◆ ASSIGNED TASK
Line by line, transcribe the material shown below exactly.

▬▬▬

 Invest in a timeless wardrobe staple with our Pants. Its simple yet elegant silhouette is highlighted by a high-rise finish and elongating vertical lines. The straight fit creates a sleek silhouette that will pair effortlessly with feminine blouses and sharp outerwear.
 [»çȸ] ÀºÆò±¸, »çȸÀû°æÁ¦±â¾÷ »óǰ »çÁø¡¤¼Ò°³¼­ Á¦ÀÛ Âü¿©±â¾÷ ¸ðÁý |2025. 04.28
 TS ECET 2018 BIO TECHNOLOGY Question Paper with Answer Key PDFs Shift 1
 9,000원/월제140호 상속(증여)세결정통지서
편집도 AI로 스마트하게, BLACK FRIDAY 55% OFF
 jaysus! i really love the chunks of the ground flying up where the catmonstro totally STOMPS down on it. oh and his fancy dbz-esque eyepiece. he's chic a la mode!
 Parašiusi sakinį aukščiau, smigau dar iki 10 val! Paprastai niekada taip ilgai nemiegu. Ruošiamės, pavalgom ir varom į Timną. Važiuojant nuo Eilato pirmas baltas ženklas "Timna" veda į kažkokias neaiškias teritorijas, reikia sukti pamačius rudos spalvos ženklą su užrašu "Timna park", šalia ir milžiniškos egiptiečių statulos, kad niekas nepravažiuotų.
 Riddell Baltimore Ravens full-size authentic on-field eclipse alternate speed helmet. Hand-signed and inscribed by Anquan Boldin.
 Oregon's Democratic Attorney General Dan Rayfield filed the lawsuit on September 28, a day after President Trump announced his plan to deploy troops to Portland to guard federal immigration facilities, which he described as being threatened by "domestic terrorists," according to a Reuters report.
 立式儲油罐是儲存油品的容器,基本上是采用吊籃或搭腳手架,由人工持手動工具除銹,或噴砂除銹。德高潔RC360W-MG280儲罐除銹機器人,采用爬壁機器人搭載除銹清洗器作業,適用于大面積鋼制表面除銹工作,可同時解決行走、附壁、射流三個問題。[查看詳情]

▬▬▬

◆ THE COMPLETED TASK
 Invest in a timeless wardrobe staple with our Pants. Its simple yet elegant silhouette is highlighted by a high-rise finish and elongating vertical lines. The straight fit creates a sleek silhouette that will pair effortlessly with feminine blouses and sharp outerwear.
 [»çȸ] ÀºÆò±¸, »çȸÀû°æÁ¦±â¾÷ »óǰ »çÁø¡¤¼Ò°³¼­ Á¦ÀÛ Âü¿©±â¾÷ ¸ðÁý |2025. 04.28
 TS ECET 2018 BIO TECHNOLOGY Question Paper with Answer Key PDFs Shift 1
 9,000원/월제140호 상속(증여)세결정통지서
편집도 AI로 스마트하게, BLACK FRIDAY 55% OFF
 jaysus! i really love the chunks of the ground flying up where the catmonstro totally STOMPS down on it. oh and his fancy dbz-esque eyepiece. he's chic a la mode!
 Parašiusi sakinį aukščiau, smigau dar iki 10 val! Paprastai niekada taip ilgai nemiegu. Ruošiamės, pavalgom ir varom į Timną. Važiuojant nuo Eilato pirmas baltas ženklas "Timna" veda į kažkokias neaiškias teritorijas, reikia sukti pamačius rudos spalvos ženklą su užrašu "Timna park", šalia ir milžiniškos egiptiečių statulos, kad niekas nepravažiuotų.
 Riddell Baltimore Ravens full-size authentic on-field eclipse alternate speed helmet. Hand-signed and inscribed by Anquan Boldin.
 Oregon's Democratic Attorney General Dan Rayfield filed the lawsuit on September 28, a day after President Trump announced his plan to deploy troops to Portland to guard federal immigration facilities, which he described as being threatened by "domestic terrorists," according to a Reuters report.
 立式儲油罐是儲存油品的容器,基本上是采用吊籃或搭腳手架,由人工持手動工具除銹,或噴砂除銹。德高潔RC360W-MG280儲罐除銹機器人,采用爬壁機器人搭載除銹清洗器作業,適用于大面積鋼制表面除銹工作,可同時解決行走、附壁、射流三個問題。[查看詳情]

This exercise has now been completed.